Problem — In the entries below, begin at the line that has "4. Wählen Sie", stop after the line that has "65%+的 90 后、00", and output those lines exactly with no pictures.

Records to use: Begin

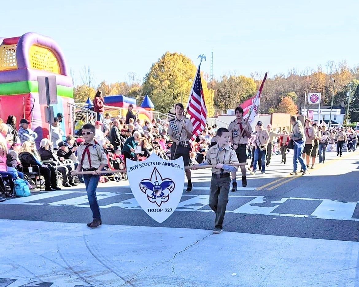 Scouts and Cubs of 327 brought honor to our Veterans and supported our new charter VFW Post 5305 by marching in the Catawba Veterans Day Parade.
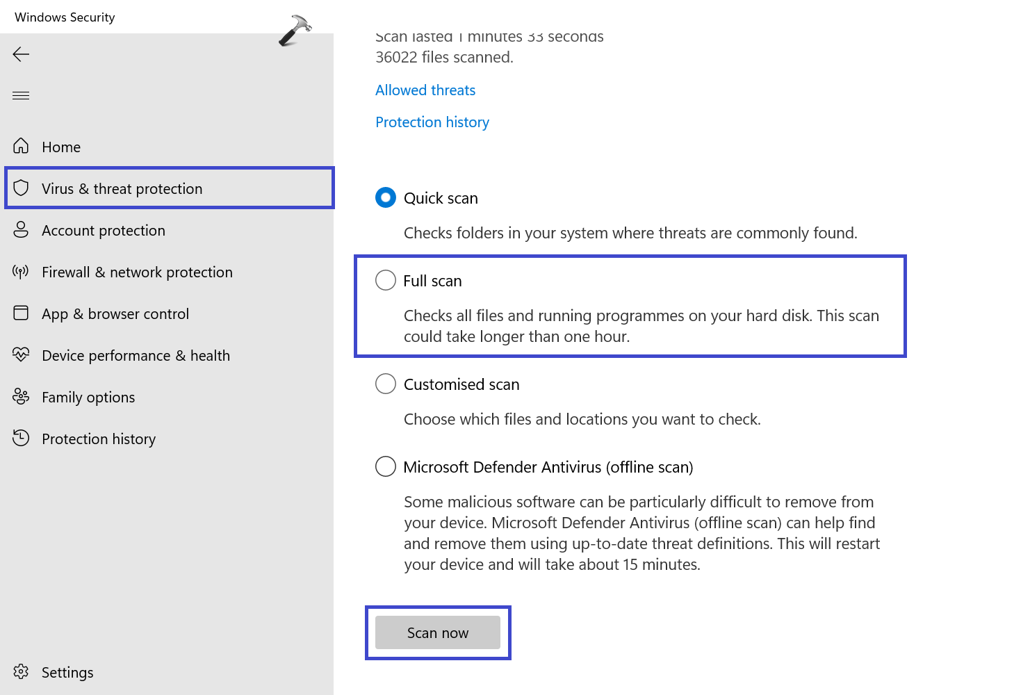 4. Wählen Sie „Vollständiger Scan“Möglichkeit, Ihr System zu überprüfen. Dieser Scan kann je nach den auf Ihrem Gerät gespeicherten Daten einige Zeit dauern.
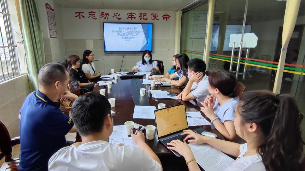 2022年7月8日下午,太阳成集团tyc122cc7栋11楼会议室召开医学检验技术、卫生检验与检疫本科专业综合评估工作动员部署会,参会人员有庞雅琴副经理、何彦妮副书记、各职能科室负责人、各教研室主任和秘书等,会议由庞雅琴副经理主持。
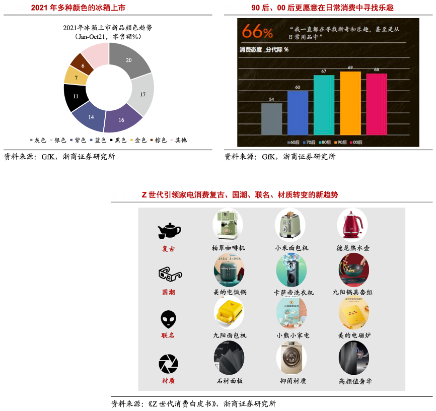 經(jīng)典案例:根據(jù)GfK、《Z世代消費(fèi)白皮書》、浙商證券研究所等綜合資訊表明,Z世代群體注重個(gè)性需求、在消費(fèi)品中追求幸福及樂(lè)趣,在消費(fèi)態(tài)度上,有 65%+的 90 后、00 后的態(tài)度是追求新奇和樂(lè)趣,以及潮流的生活;同時(shí)全新的消費(fèi)理念能夠?yàn)榧译姰a(chǎn)品帶來(lái)更高的溢價(jià),從外觀上看,家電藝術(shù)凸顯審美提升消費(fèi)幸福感,顏色和材質(zhì)都發(fā)生了變化。例如卡薩帝冰箱推出原石高定系列,采用石材面板,首發(fā)價(jià)格達(dá)到 15000 元;三星推出 The Frame 畫壁系列電視,其效果為開(kāi)啟時(shí)是一臺(tái)電視機(jī),關(guān)閉時(shí)是畫框,75英寸售價(jià)為 1.8 萬(wàn)元。
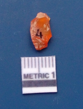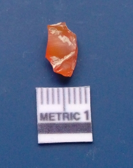 | Description / विवरण | It is carnelian flake red in color, with sharp flakes edges and a small bulb of percussion owing to knapping activity. The piece has sharp flaked edges and a crypto-crystalline matrix. |

Records to use: End

Result of this task —
 4. Wählen Sie „Vollständiger Scan“Möglichkeit, Ihr System zu überprüfen. Dieser Scan kann je nach den auf Ihrem Gerät gespeicherten Daten einige Zeit dauern.
 2022年7月8日下午,太阳成集团tyc122cc7栋11楼会议室召开医学检验技术、卫生检验与检疫本科专业综合评估工作动员部署会,参会人员有庞雅琴副经理、何彦妮副书记、各职能科室负责人、各教研室主任和秘书等,会议由庞雅琴副经理主持。
 經(jīng)典案例:根據(jù)GfK、《Z世代消費(fèi)白皮書》、浙商證券研究所等綜合資訊表明,Z世代群體注重個(gè)性需求、在消費(fèi)品中追求幸福及樂(lè)趣,在消費(fèi)態(tài)度上,有 65%+的 90 后、00 后的態(tài)度是追求新奇和樂(lè)趣,以及潮流的生活;同時(shí)全新的消費(fèi)理念能夠?yàn)榧译姰a(chǎn)品帶來(lái)更高的溢價(jià),從外觀上看,家電藝術(shù)凸顯審美提升消費(fèi)幸福感,顏色和材質(zhì)都發(fā)生了變化。例如卡薩帝冰箱推出原石高定系列,采用石材面板,首發(fā)價(jià)格達(dá)到 15000 元;三星推出 The Frame 畫壁系列電視,其效果為開(kāi)啟時(shí)是一臺(tái)電視機(jī),關(guān)閉時(shí)是畫框,75英寸售價(jià)為 1.8 萬(wàn)元。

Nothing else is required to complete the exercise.